Implementing Targets in UK Government: A Multiple Streams Approach
As the federal election looms in Australia, the track records of both Coalition and ALP governments of fulfilling their election promises are under scrutiny. Sometimes, a promise gets lost or falls short in implementation. Todays’ post by Professor Christina Boswell and Dr Eugenia Rodrigues provides lessons from the UK on how policy can be reinterpreted, distorted or even subverted when applied at a local level or across different arms of government.
This post originally appeared on Professor Boswell’s blog Politics, Knowledge & Migration
It has long been observed that policies can get lost in implementation. The best intended legislation or programme adopted by central government can get reinterpreted, distorted or even subverted when applied at local level, or across different areas of government. This was certainly the case with the British Labour government’s system of targets rolled out in the 2000s. Number 10 and the Treasury (the ‘core executive’) adopted a series of quantified performance targets designed to improve public services. And the government even monitored how far they were being achieved through rigorous reporting arrangements. But the targets were appropriated and applied in quite different ways across departments. What factors shaped how different parts of government implemented targets?

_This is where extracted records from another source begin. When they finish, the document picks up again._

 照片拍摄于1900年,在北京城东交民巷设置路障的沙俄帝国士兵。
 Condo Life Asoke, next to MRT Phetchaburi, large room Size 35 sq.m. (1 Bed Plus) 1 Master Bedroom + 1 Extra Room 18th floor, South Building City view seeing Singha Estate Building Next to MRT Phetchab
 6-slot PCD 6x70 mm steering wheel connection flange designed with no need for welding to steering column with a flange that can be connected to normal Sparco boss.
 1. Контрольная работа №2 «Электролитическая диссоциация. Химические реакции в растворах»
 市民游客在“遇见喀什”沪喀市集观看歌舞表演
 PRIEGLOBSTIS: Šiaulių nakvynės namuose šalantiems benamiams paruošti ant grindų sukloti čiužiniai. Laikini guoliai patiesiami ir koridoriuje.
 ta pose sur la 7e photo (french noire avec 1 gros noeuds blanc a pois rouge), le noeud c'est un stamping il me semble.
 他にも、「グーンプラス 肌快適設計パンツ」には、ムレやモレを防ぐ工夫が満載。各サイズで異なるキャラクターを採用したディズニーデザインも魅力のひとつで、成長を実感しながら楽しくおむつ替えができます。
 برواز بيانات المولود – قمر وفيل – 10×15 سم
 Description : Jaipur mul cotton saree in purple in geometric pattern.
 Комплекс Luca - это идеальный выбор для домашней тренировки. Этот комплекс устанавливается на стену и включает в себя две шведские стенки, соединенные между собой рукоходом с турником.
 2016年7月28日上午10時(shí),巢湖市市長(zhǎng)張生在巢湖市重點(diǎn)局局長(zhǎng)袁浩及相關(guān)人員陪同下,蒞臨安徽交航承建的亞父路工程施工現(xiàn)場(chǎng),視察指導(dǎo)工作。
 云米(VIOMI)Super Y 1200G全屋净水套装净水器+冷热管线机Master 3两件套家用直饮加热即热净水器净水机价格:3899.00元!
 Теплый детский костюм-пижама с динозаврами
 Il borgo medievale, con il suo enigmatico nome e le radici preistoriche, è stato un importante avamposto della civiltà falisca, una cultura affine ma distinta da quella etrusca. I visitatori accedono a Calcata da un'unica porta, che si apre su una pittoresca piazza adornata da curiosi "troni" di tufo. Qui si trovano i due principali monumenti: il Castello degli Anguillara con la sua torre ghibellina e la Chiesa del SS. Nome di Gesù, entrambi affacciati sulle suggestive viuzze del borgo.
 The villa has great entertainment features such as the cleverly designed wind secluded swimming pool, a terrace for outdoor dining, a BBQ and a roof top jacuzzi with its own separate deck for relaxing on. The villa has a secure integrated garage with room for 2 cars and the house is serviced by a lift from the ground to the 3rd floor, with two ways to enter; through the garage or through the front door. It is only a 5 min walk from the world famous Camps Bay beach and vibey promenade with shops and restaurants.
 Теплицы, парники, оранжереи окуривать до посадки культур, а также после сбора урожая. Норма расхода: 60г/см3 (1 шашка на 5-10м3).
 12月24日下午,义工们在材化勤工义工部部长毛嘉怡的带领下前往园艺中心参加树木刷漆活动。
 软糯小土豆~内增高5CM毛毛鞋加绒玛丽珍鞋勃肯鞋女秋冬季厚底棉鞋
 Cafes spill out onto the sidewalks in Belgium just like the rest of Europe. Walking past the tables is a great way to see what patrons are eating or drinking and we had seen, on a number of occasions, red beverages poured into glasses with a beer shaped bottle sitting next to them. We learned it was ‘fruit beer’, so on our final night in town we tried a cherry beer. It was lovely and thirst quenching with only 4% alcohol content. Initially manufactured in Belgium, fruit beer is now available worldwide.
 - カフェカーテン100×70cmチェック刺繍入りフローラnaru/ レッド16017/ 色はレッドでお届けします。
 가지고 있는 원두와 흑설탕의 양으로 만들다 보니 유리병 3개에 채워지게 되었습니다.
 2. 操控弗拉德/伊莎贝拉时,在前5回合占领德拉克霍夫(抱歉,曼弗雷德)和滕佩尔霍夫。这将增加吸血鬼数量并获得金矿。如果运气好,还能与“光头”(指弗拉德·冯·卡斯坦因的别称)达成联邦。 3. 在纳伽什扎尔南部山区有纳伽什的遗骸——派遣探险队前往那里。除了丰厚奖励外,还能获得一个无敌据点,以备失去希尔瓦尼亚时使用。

In our recent Policy & Politics article: Policies, politics and organisational problems: multiple streams and the implementation of targets in UK government, we develop John Kingdon’s idea of ‘multiple streams’ to try to understand differential implementation across sectors. The multiple streams approach suggests that policies are adopted where three elements converge: a policy, a problem, and amenable political conditions. We suggest this is a useful approach for understanding implementation, too. However, we suggest adjusting the approach in two ways. First, we focus on implementation in the departments or ministries responsible for implementing policy. So we adopt the perspective of organisations in the public administration, rather than focusing on (party) political dynamics. Second, we suggest that two factors are most important in shaping implementation: the strength of the core executive’s commitment to the policy; and the policy’s ‘match’ with organisational problems. In other words, does the proposed policy seem useful or appropriate to the organisation as a way of addressing what it perceives to be the challenges facing it?
We suggest that different combinations of political commitment and match with organisational problems yield four possible modes of implementation. First, where there is strong central commitment and the proposed policy matches organisational problems, then we can expect effective implementation. However, where the policy doesn’t appear to fit with the organisation’s perception of policy problems, then we can expect either weak implementation (if central government is not that committed either). Or, if the core executive is strongly committed to the policy but the organisation isn’t, then the organisation may engage in ‘decoupling’: complying with the policy in its rhetoric and formal structures, but in practice failing to carry out the changes required to implement it. A fourth possibility is that the core executive is not strongly committed to the policy, but the organisation is – in this case, we can expect ‘bottom-up’ implementation, driven by the organisation.
We examine this model by looking at the implementation of targets in carbon emissions, defence procurement and asylum. Our analysis draws on 54 interviews carried out with officials, special advisors and ministers. We find support for our model. In the case of asylum, initial attempts by the Home Office to decouple rhetoric and practice were constrained, as the core executive became strongly committed to overseeing the implementation of targets. In the case of defence procurement, the Ministry of Defence’s lack of enthusiasm – and a core executive keen to implement targets but reluctant to be too intrusive – resulted in a combination of decoupling and ineffective implementation. Finally, in the case of emissions targets, the Department for Climate Change (and its predecessor Defra) was keen to embrace the targets to enhance its organisational clout, and attract resources. However, weak political interest by the core executive meant that implementation of the target was largely ‘bottom-up’.
One of our key findings is that organisations can switch between modes of implementation, as core executive commitment changes over time, and as new organisational problems emerge. Our analysis also reinforces how difficult it is for core executives to steer implementation. Even where they set clear, specific targets and monitor them rigorously, there is huge scope for organisations to decouple formal compliance from informal deviation. As the asylum case shows, the core executive may need to resort to quite resource-intensive, intrusive – and damaging – forms of intervention to achieve its goals. In the case of the Home Office, one has to ask if this was a price worth paying.
Christina Boswell is Professor of Politics and Director of Research in the School of Social & Political Science at the University of Edinburgh. Eugenia Rodrigues is Research Fellow in Science Technology and Innovation Studies, in the School of Social & Political Science at the University of Edinburgh.